Angela Ụ.N. Nwankwere, Benjamin I. Mmadike, Cecilia A. Eme

Abstract


Language is one of the major ways through which the different peoples of the world are identified. A people who lose their language have lost their identity. Currently, the Igbo people of Nigeria seem to be having problems transmitting Igbo to their children. The problem is more manifest among Igbo diaspora children. This paper, aimed at encouraging Igbo parents to go the extra mile of transmitting Igbo to their children to ensure its safe and secure future, examined the possibility of Igbo parents creating an enabling environment for acquiring/learning Igbo within the family and the immediate locality. Employing the language maintenance perspective, our data came from primary and secondary sources.

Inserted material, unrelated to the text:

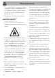 Установка • С изготовителя снимается всякая ответственность за ущерб, нанесенный по причине использования агрегата без системы заземления. • На агрегат не должны попадать прямые солнечные лучи. • Не разрешается эксплуатировать агрегат снаружи или подвергать его воздействию атмосферных осадков. • Размещайте агрегат на расстоянии не менее 50 см от конфорок, газовых плит, нагревательных источников и минимум 5 см от электрических плит.

While secondary data were from electronic and other sources like books, journals and newspapers, the primary data evolved over some time from several observations of and/or different forms of interactions with a purposive, convenient sample of thirty consultants consisting of Igbo parent(s) residing in the north, west and south-south parts of Nigeria; Ghana, Benin Republic, England and America. The study shows that diaspora parents can lead their children not only to understand but to speak Igbo. We recommend that the Igbo language awareness and maintenance efforts should be the concern of all the Igbo, especially parents. This will ensure that all Igbo children, wherever they live, acquire/learn Igbo to save the language from endangerment and possible extinction.